The Ecuador Reader PDF Author: Carlos de la Torre
Publisher: Duke University Press
ISBN: 0822390116
Category : History
Languages : en
Pages : 450

Book Description
Encompassing Amazonian rainforests, Andean peaks, coastal lowlands, and the Galápagos Islands, Ecuador’s geography is notably diverse. So too are its history, culture, and politics, all of which are examined from many perspectives in The Ecuador Reader. Spanning the years before the arrival of the Spanish in the early 1500s to the present, this rich anthology addresses colonialism, independence, the nation’s integration into the world economy, and its tumultuous twentieth century. Interspersed among forty-eight written selections are more than three dozen images. The voices and creations of Ecuadorian politicians, writers, artists, scholars, activists, and journalists fill the Reader, from José María Velasco Ibarra, the nation’s ultimate populist and five-time president, to Pancho Jaime, a political satirist; from Julio Jaramillo, a popular twentieth-century singer, to anonymous indigenous women artists who produced ceramics in the 1500s; and from the poems of Afro-Ecuadorians, to the fiction of the vanguardist Pablo Palacio, to a recipe for traditional Quiteño-style shrimp. The Reader includes an interview with Nina Pacari, the first indigenous woman elected to Ecuador’s national assembly, and a reflection on how to balance tourism with the protection of the Galápagos Islands’ magnificent ecosystem. Complementing selections by Ecuadorians, many never published in English, are samples of some of the best writing on Ecuador by outsiders, including an account of how an indigenous group with non-Inca origins came to see themselves as definitively Incan, an exploration of the fascination with the Andes from the 1700s to the present, chronicles of the less-than-exemplary behavior of U.S. corporations in Ecuador, an examination of Ecuadorians’ overseas migration, and a look at the controversy surrounding the selection of the first black Miss Ecuador.

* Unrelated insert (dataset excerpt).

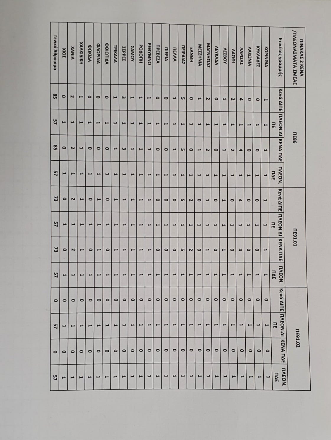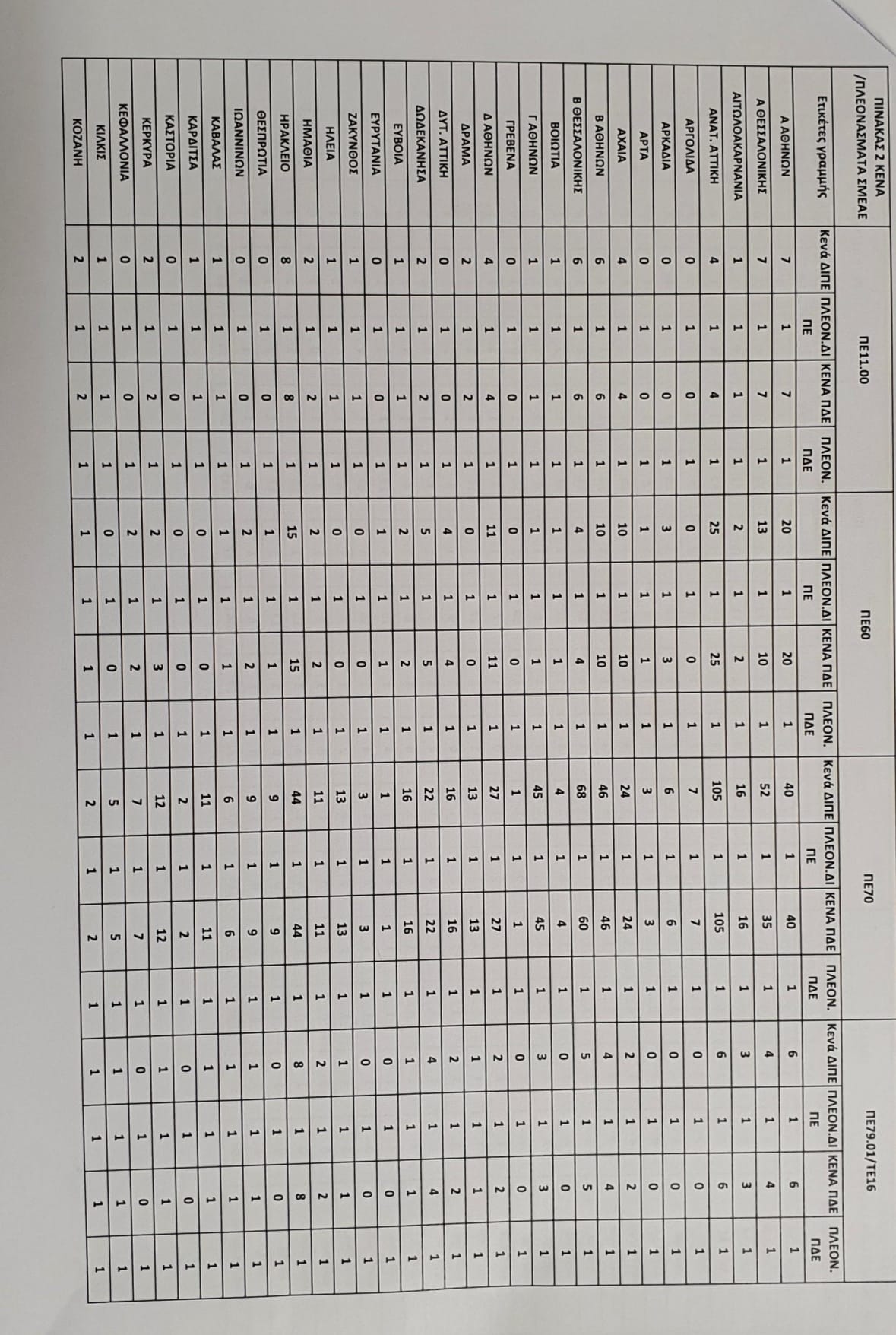Τα κενά Γενικής και Ειδικής Αγωγής Π.Ε, τα οποία δόθηκαν από τις Περιφερειακές Διευθύνσεις Εκπαίδευσης και τις Διευθύνσεις Πρωτοβάθμιας με βάση των οποίων θα τρέξει το σύστημα για τις αποσπάσεις, δημοσιοποίησε σήμερα ο αιρετός Νίκος Φασφαλής.

A Guide to Reference Materials of Colombia, Ecuador, and Venezuela Useful in the Social Sciences and Humanities

A Guide to Reference Materials of Colombia, Ecuador, and Venezuela Useful in the Social Sciences and Humanities PDF Author: Alice Gayle Hudgens Watson
Publisher:
ISBN:
Category : Colombia
Languages : en
Pages : 378

Book Description


The Palgrave Handbook of the Public Servant

The Palgrave Handbook of the Public Servant PDF Author: Helen Sullivan
Publisher: Palgrave Macmillan
ISBN: 9783030299798
Category : Political Science
Languages : en
Pages : 1737

Book Description
The Palgrave Handbook of the Public Servant examines what it means to be a public servant in today’s world(s) where globalisation and neoliberalism have proliferated the number of actors who contribute to the public purpose sector and created new spaces that public servants now operate in. It considers how different scholarly approaches can contribute to a better understanding of the identities, motivations, values, roles, skills, positions and futures for the public servant, and how scholarly knowledge can be informed by and translated into value for practice. The book combines academic contributions with those from practitioners so that key lessons may be synthesised and translated into the context of the public servant.